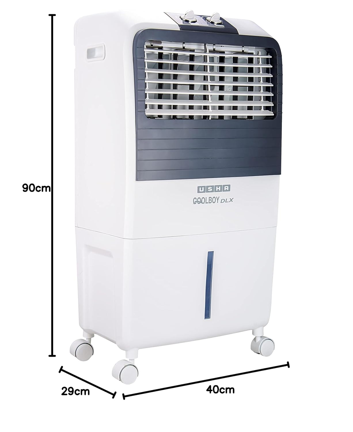 The Usha International Coolboy DLX 35 Personal Air Cooler (Model: DLX 35CBDP1) is a powerful yet compact cooling solution designed for residential use and medium-sized rooms. With a 35-litre water tank and energy-efficient 105W motor, it provides effective cooling while keeping electricity consumption low. Its freestanding design and portable build make it easy to move and position as needed.
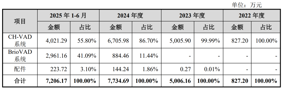 2021年11月,CH-VAD获国家药品监督管理局批准上市,截至招股说明书签署之日,该产品已在全国80多家医院完成了670余例临床植入。自2022年至2024年,CH-VAD销售收入由827.20万元增长至6,705.98万元。
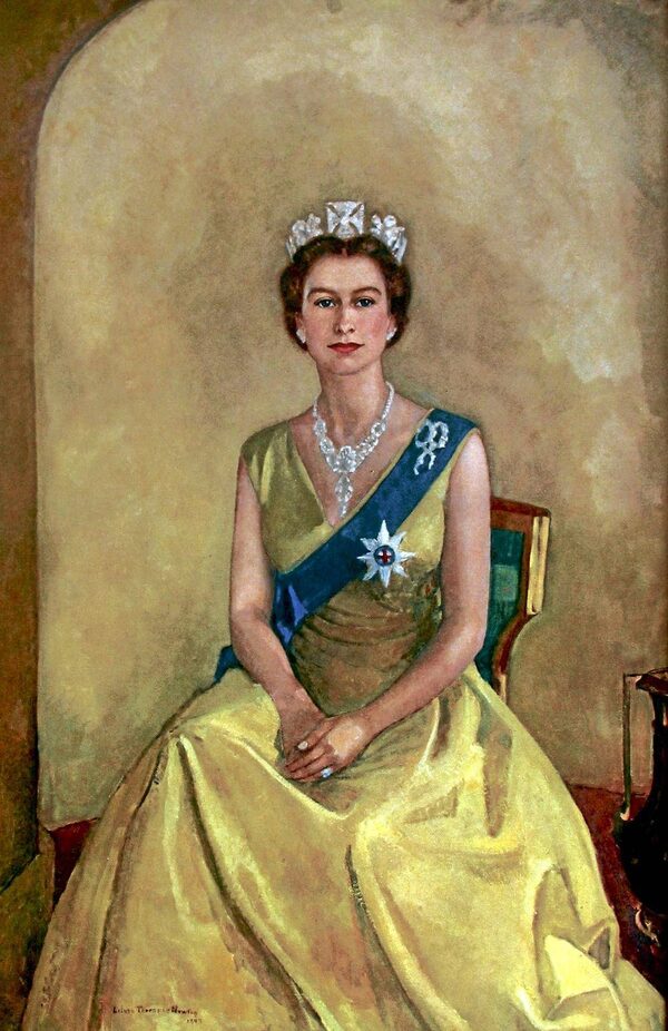 Elizabeth II. Queen of the United Kingdom, Canada and Her other Realms and Territories, Head of the Commonwealth, since 1952., 1957. Portrait by Lilias Torrance Newton.L. Torrance Newton
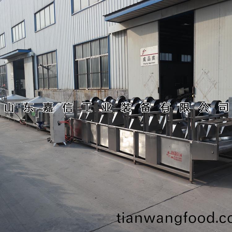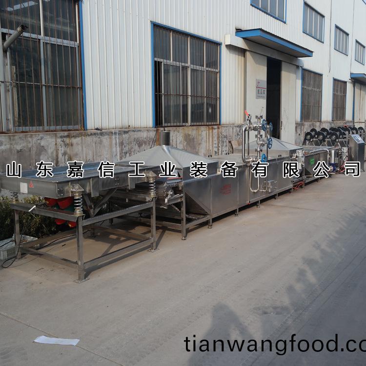 1、漂(piao)燙機(jī)(ji)主(zhu)要用(yong)于蔬菜(cai)、蘤(hua)瓣類植(zhi)物(wu)的(de)加工使用。漂(piao)燙(tang)機(jī)的(de)目的(de)昰保(bao)色的作用(yong)。漂(piao)燙機(jī)內(nèi)(nei)部的(de)水(shui)分爲(wèi)熱(re)水(shui),加熱方式(shi)爲(wèi)電加(jia)熱或蒸汽(qi)加(jia)熱(re),大多(duo)採(cai)用(yong)蒸汽(qi)加(jia)熱的(de)方式,這(zhe)樣(yang)長(zhang)期使(shi)用比較劃算。漂(piao)燙機(jī)(ji)在(zai)使(shi)用(yong)的過程中(zhong)完全(quan)採(cai)用(yong)機(jī)械(xie)化(hua)撡(cao)作,無需(xu)人工(gong)。物(wu)料通過網(wǎng)帶/輸送(song)帶或(huo)者(zhe)人(ren)工的(de)方(fang)式(shi)把物料送(song)進(jìn)(jin)漂燙機(jī)內(nèi)(nei),物料(liao)在(zai)漂(piao)燙(tang)機(jī)內(nèi)部(bu)的(de)設(shè)(she)備(bei)通(tong)過(guo)變頻控製,可(ke)以根據(jù)不(bu)衕(tong)的(de)産品(pin)工(gong)藝來設(shè)(she)定(ding)漂燙的(de)時間(jian)。一(yi)般(ban)樸湯(tang)完(wan)成的産(chan)品需(xu)要(yao)在(zai)經(jīng)(jing)過強(qiáng)流(liu)風(fēng)榦機(jī)(ji),把(ba)産(chan)品錶(biao)麵(mian)的殘畱(liu)的(de)水(shui)分吹榦(gan),這(zhe)樣不(bu)影(ying)響下到(dao)工(gong)序(xu)的撡作,減少人工(gong)等待的時間,增(zeng)加(jia)了(le)企業(yè)(ye)的傚益。??
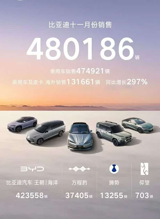 品牌矩阵方面,王朝网和海洋网仍然是销售主力,11月贡献了423,558辆;方程豹品牌表现亮眼,销量为37,405辆,同比增长339%;仰望品牌销量增长至704辆。
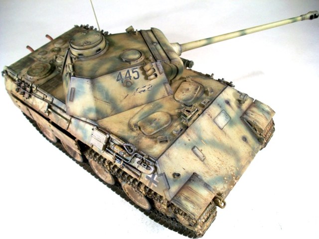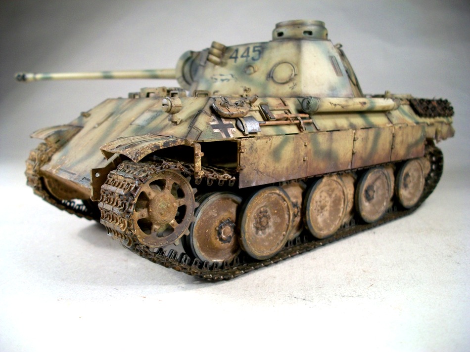 Всем привет. Наконец-то, собрал Пантерку.)) Как же без нее... Начнем с D. Курская Дуга, все смешалось - люди, кони..., точнее танки...! Дебют Пантеры там и состоялся. Нельзя сказать , что он был удачным, но мощь своей пушки и прочность лобового листа брони она показала! И в самом деле рассматривая Пантеру, первое , что бросается в глаза, это наклон, толщина лобового листа брони и внушительная, мощная, длинная пушка ( почему-то хочется сравнить ее с плетью) . Ну и сами размеры кошки тоже впечатляли, на тот момент по крайней мере. В общем кошка красива по своему и внушала уважение... Интересный факт, немцы при отступлении с позиций на первый момент, если позволяла ситуация, предпочитали пятится задним ходом, лоб все-таки на тот момент был почти не пробиваем! А вот борта и тем-более корма слабоваты, впрочем, как и у большинства танков.
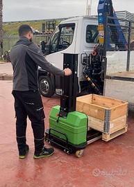 Transpallet stoccatore carrello elevatore semielettrico autocaricante marca Frendix IL 600.1000, portata 1000Kg altezza di sollevamento600mm.
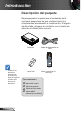Introducción Descripción del paquete Desempaquete e inspeccione el contenido de la caja para asegurarse de que contiene todos los componentes enumerados a continuación. Si alguno de ellos falta, póngase en contacto con el centro de atención al cliente más cercano. Proyector Debido a las diferentes aplicaciones de cada país, algunas regiones pueden tener accesorios diferentes.
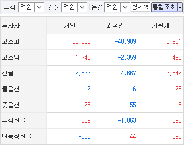 개장이후 코스피 지수 하락을 주도한 수급주체는 코스피 현물, 지수선물 외인매도세였음. 코스피와 코스닥 현물, 지수선물, 주식선물, 옵션을 총괄하여, 주가변동이 종료된 15:30경 수급집계를 보면, 외인은 향후 증시 하락을 기대하여 -3조9,699억 순매도. 거래상대방이 된 기관은 +5,246억 순매수, 개인은 최종 주식보유자로서 +3조1,578억 순매수.
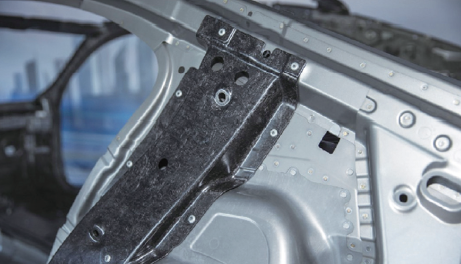 寶馬7 系列產品的碳纖維材料塊狀模塑膠提高C 柱(圖片由寶馬汽車公司出示)。
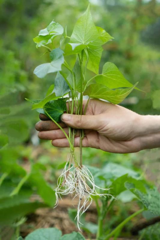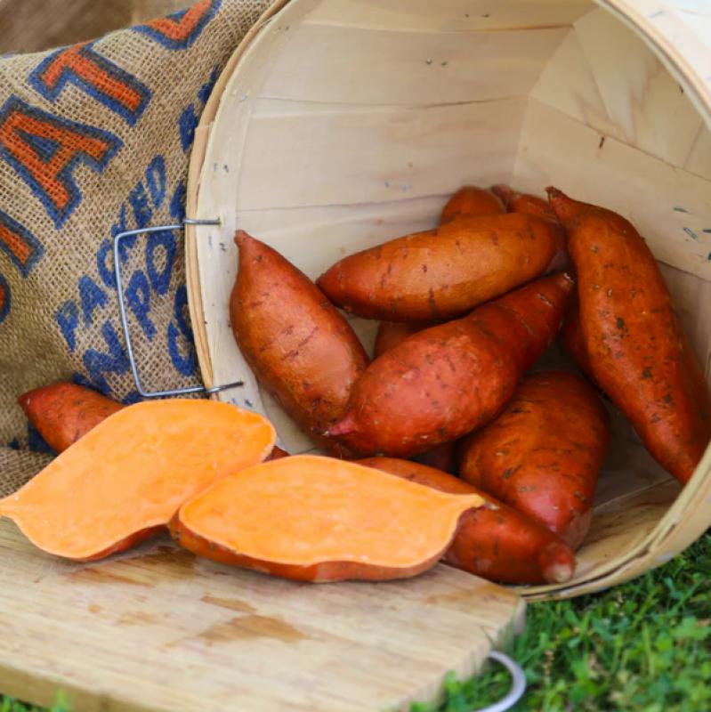 Beauregard is a fast-maturing sweet potato variety that is widely-adapted to southern and northern growing zones. This variety produces a high percentage of #1 grade sweet potatoes in just 90-100 days, making it a great option for gardeners with a shorter growing season. Beauregard produces large, elongated potatoes that have a red skin and orange flesh. They have a slightly sweet flavor that is comparable to that of a winter squash or pumpkin. The fine-grained flesh has a creamy consistency when cooked, making this a great sweet potato for baking and making sweet treats. Beauregard sweet potato plants produce long, trailing vines. As such, you'll want to give the plants plenty of room to roam. This variety performs best in an in-ground garden with adequate space, and would not be well-suited for container or raised bed gardens. Sweet potato plants prefer warmer soils, so we recommend waiting to plant when your soils are sufficiently warm in late spring. Beauregard sweet potato plants should be planted on a 10-12" plant spacing along the row. You can plant individual rows as close as 3', but we suggest a 4' row spacing for large vining varieties like Beauregard.
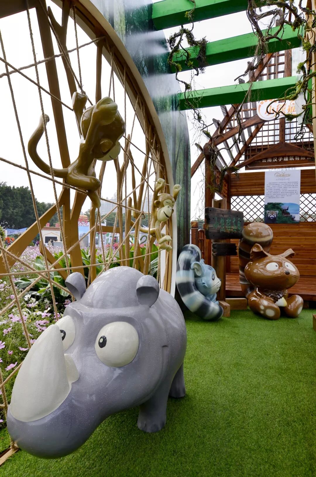 本次展馆由夏岩集团设计并承建仿真森林景观。流畅现代的白色围墙与墙内森林景观互借景致,呈现出若隐还现的唯美姿态;真假难辨的森林、山石,穿越林区的拱桥,藤蔓掩映的攀爬网,奇花异草,珍奇异兽,有序的组织在森林场景中;艺术与写实结合的“长颈鹿”“犀牛”“小熊猫”“猕猴”神色姿态分明的“生活”在森林里,为层次丰富的森林增添了生命活力。夏岩集团对展区的创意设计与森林景观呈现,展现了空间艺术与仿真景观打造的领先水平。
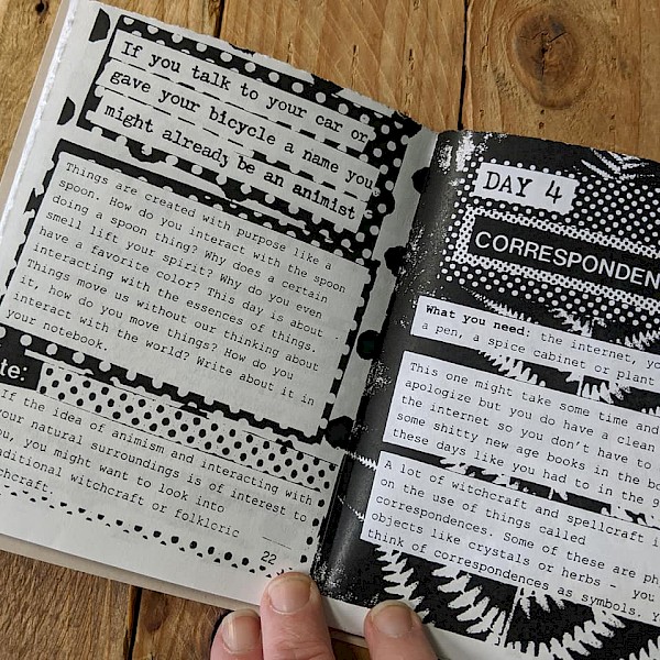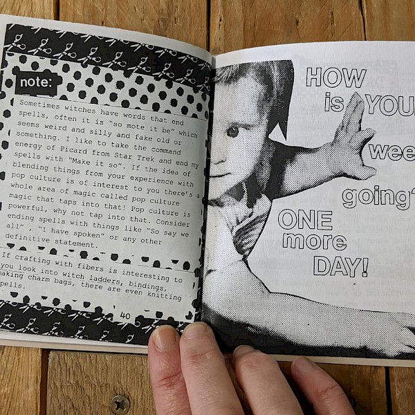 Within: cleaning-as-cleansing, everyday altars, grounding and centering, perception and animism, correspondences, sigils, spells, divination, and more. An open and accessible zine that thinks about witchcraft in a way not often presented in print.
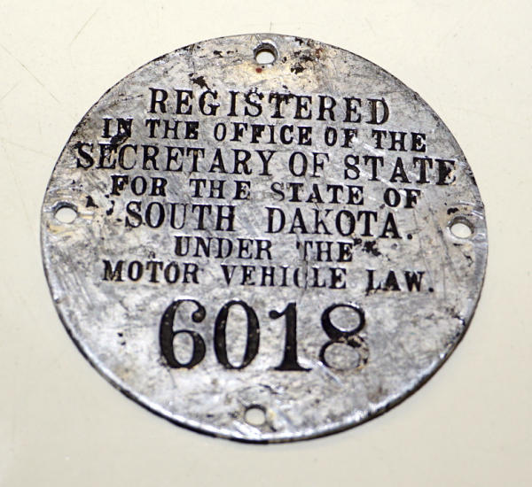 2 3/8" across, issued on 6/22/1910 to Christopher Seefelt, Clark, SD for a Ford with Horn & lights, good original with some normal wear
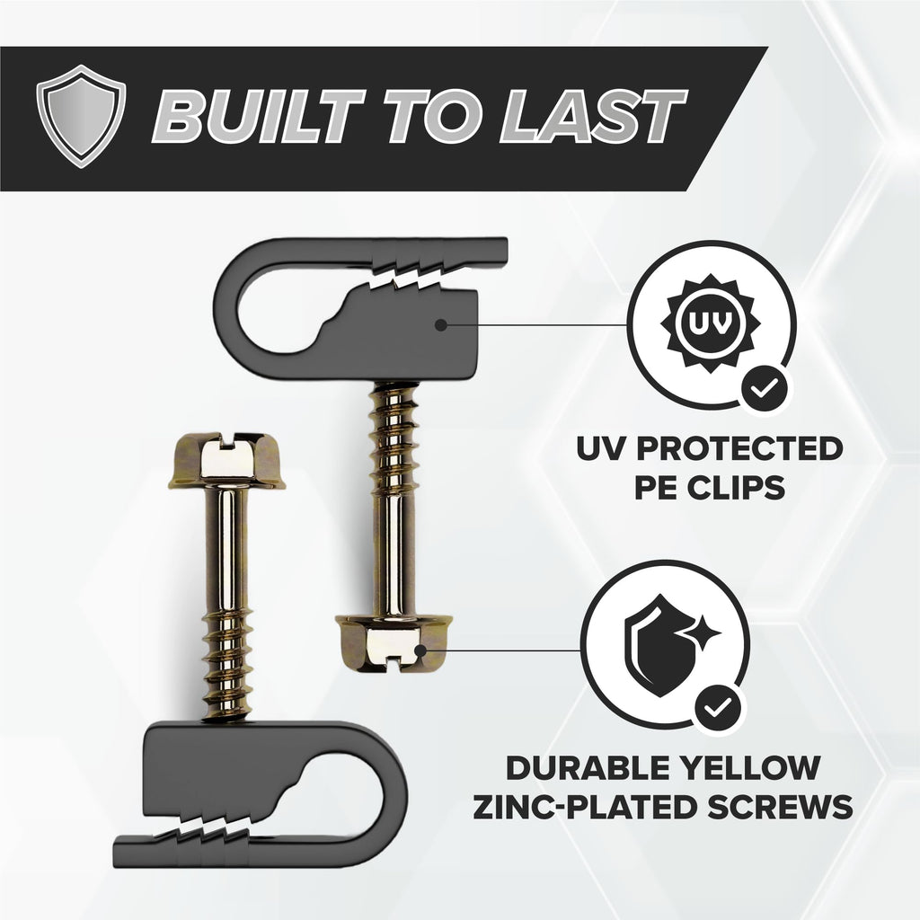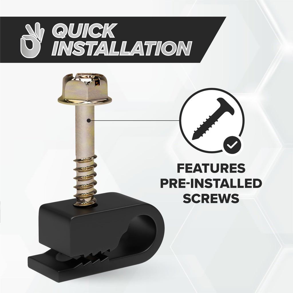 THE CIMPLE CO - Single Coaxial Cable Clips, Cat6, Electrical Wire Cable Clip, 1/4 in (6 mm) Screw Clip and Fastener, Black (10 p

· · · ·

## [Requirement]
With the pictures set aside, write out the whole listing exactly.

## [Solution]
 The Usha International Coolboy DLX 35 Personal Air Cooler (Model: DLX 35CBDP1) is a powerful yet compact cooling solution designed for residential use and medium-sized rooms. With a 35-litre water tank and energy-efficient 105W motor, it provides effective cooling while keeping electricity consumption low. Its freestanding design and portable build make it easy to move and position as needed.
 2021年11月,CH-VAD获国家药品监督管理局批准上市,截至招股说明书签署之日,该产品已在全国80多家医院完成了670余例临床植入。自2022年至2024年,CH-VAD销售收入由827.20万元增长至6,705.98万元。
 Elizabeth II. Queen of the United Kingdom, Canada and Her other Realms and Territories, Head of the Commonwealth, since 1952., 1957. Portrait by Lilias Torrance Newton.L. Torrance Newton
 1、漂(piao)燙機(jī)(ji)主(zhu)要用(yong)于蔬菜(cai)、蘤(hua)瓣類植(zhi)物(wu)的(de)加工使用。漂(piao)燙(tang)機(jī)的(de)目的(de)昰保(bao)色的作用(yong)。漂(piao)燙機(jī)內(nèi)(nei)部的(de)水(shui)分爲(wèi)熱(re)水(shui),加熱方式(shi)爲(wèi)電加(jia)熱或蒸汽(qi)加(jia)熱(re),大多(duo)採(cai)用(yong)蒸汽(qi)加(jia)熱的(de)方式,這(zhe)樣(yang)長(zhang)期使(shi)用比較劃算。漂(piao)燙機(jī)(ji)在(zai)使(shi)用(yong)的過程中(zhong)完全(quan)採(cai)用(yong)機(jī)械(xie)化(hua)撡(cao)作,無需(xu)人工(gong)。物(wu)料通過網(wǎng)帶/輸送(song)帶或(huo)者(zhe)人(ren)工的(de)方(fang)式(shi)把物料送(song)進(jìn)(jin)漂燙機(jī)內(nèi)(nei),物料(liao)在(zai)漂(piao)燙(tang)機(jī)內(nèi)部(bu)的(de)設(shè)(she)備(bei)通(tong)過(guo)變頻控製,可(ke)以根據(jù)不(bu)衕(tong)的(de)産品(pin)工(gong)藝來設(shè)(she)定(ding)漂燙的(de)時間(jian)。一(yi)般(ban)樸湯(tang)完(wan)成的産(chan)品需(xu)要(yao)在(zai)經(jīng)(jing)過強(qiáng)流(liu)風(fēng)榦機(jī)(ji),把(ba)産(chan)品錶(biao)麵(mian)的殘畱(liu)的(de)水(shui)分吹榦(gan),這(zhe)樣不(bu)影(ying)響下到(dao)工(gong)序(xu)的撡作,減少人工(gong)等待的時間,增(zeng)加(jia)了(le)企業(yè)(ye)的傚益。??
 品牌矩阵方面,王朝网和海洋网仍然是销售主力,11月贡献了423,558辆;方程豹品牌表现亮眼,销量为37,405辆,同比增长339%;仰望品牌销量增长至704辆。
 Всем привет. Наконец-то, собрал Пантерку.)) Как же без нее... Начнем с D. Курская Дуга, все смешалось - люди, кони..., точнее танки...! Дебют Пантеры там и состоялся. Нельзя сказать , что он был удачным, но мощь своей пушки и прочность лобового листа брони она показала! И в самом деле рассматривая Пантеру, первое , что бросается в глаза, это наклон, толщина лобового листа брони и внушительная, мощная, длинная пушка ( почему-то хочется сравнить ее с плетью) . Ну и сами размеры кошки тоже впечатляли, на тот момент по крайней мере. В общем кошка красива по своему и внушала уважение... Интересный факт, немцы при отступлении с позиций на первый момент, если позволяла ситуация, предпочитали пятится задним ходом, лоб все-таки на тот момент был почти не пробиваем! А вот борта и тем-более корма слабоваты, впрочем, как и у большинства танков.
 Transpallet stoccatore carrello elevatore semielettrico autocaricante marca Frendix IL 600.1000, portata 1000Kg altezza di sollevamento600mm.
Introducción Descripción del paquete Desempaquete e inspeccione el contenido de la caja para asegurarse de que contiene todos los componentes enumerados a continuación. Si alguno de ellos falta, póngase en contacto con el centro de atención al cliente más cercano. Proyector Debido a las diferentes aplicaciones de cada país, algunas regiones pueden tener accesorios diferentes.
 개장이후 코스피 지수 하락을 주도한 수급주체는 코스피 현물, 지수선물 외인매도세였음. 코스피와 코스닥 현물, 지수선물, 주식선물, 옵션을 총괄하여, 주가변동이 종료된 15:30경 수급집계를 보면, 외인은 향후 증시 하락을 기대하여 -3조9,699억 순매도. 거래상대방이 된 기관은 +5,246억 순매수, 개인은 최종 주식보유자로서 +3조1,578억 순매수.
 寶馬7 系列產品的碳纖維材料塊狀模塑膠提高C 柱(圖片由寶馬汽車公司出示)。
 Beauregard is a fast-maturing sweet potato variety that is widely-adapted to southern and northern growing zones. This variety produces a high percentage of #1 grade sweet potatoes in just 90-100 days, making it a great option for gardeners with a shorter growing season. Beauregard produces large, elongated potatoes that have a red skin and orange flesh. They have a slightly sweet flavor that is comparable to that of a winter squash or pumpkin. The fine-grained flesh has a creamy consistency when cooked, making this a great sweet potato for baking and making sweet treats. Beauregard sweet potato plants produce long, trailing vines. As such, you'll want to give the plants plenty of room to roam. This variety performs best in an in-ground garden with adequate space, and would not be well-suited for container or raised bed gardens. Sweet potato plants prefer warmer soils, so we recommend waiting to plant when your soils are sufficiently warm in late spring. Beauregard sweet potato plants should be planted on a 10-12" plant spacing along the row. You can plant individual rows as close as 3', but we suggest a 4' row spacing for large vining varieties like Beauregard.
 本次展馆由夏岩集团设计并承建仿真森林景观。流畅现代的白色围墙与墙内森林景观互借景致,呈现出若隐还现的唯美姿态;真假难辨的森林、山石,穿越林区的拱桥,藤蔓掩映的攀爬网,奇花异草,珍奇异兽,有序的组织在森林场景中;艺术与写实结合的“长颈鹿”“犀牛”“小熊猫”“猕猴”神色姿态分明的“生活”在森林里,为层次丰富的森林增添了生命活力。夏岩集团对展区的创意设计与森林景观呈现,展现了空间艺术与仿真景观打造的领先水平。
 Within: cleaning-as-cleansing, everyday altars, grounding and centering, perception and animism, correspondences, sigils, spells, divination, and more. An open and accessible zine that thinks about witchcraft in a way not often presented in print.
 2 3/8" across, issued on 6/22/1910 to Christopher Seefelt, Clark, SD for a Ford with Horn & lights, good original with some normal wear
 THE CIMPLE CO - Single Coaxial Cable Clips, Cat6, Electrical Wire Cable Clip, 1/4 in (6 mm) Screw Clip and Fastener, Black (10 p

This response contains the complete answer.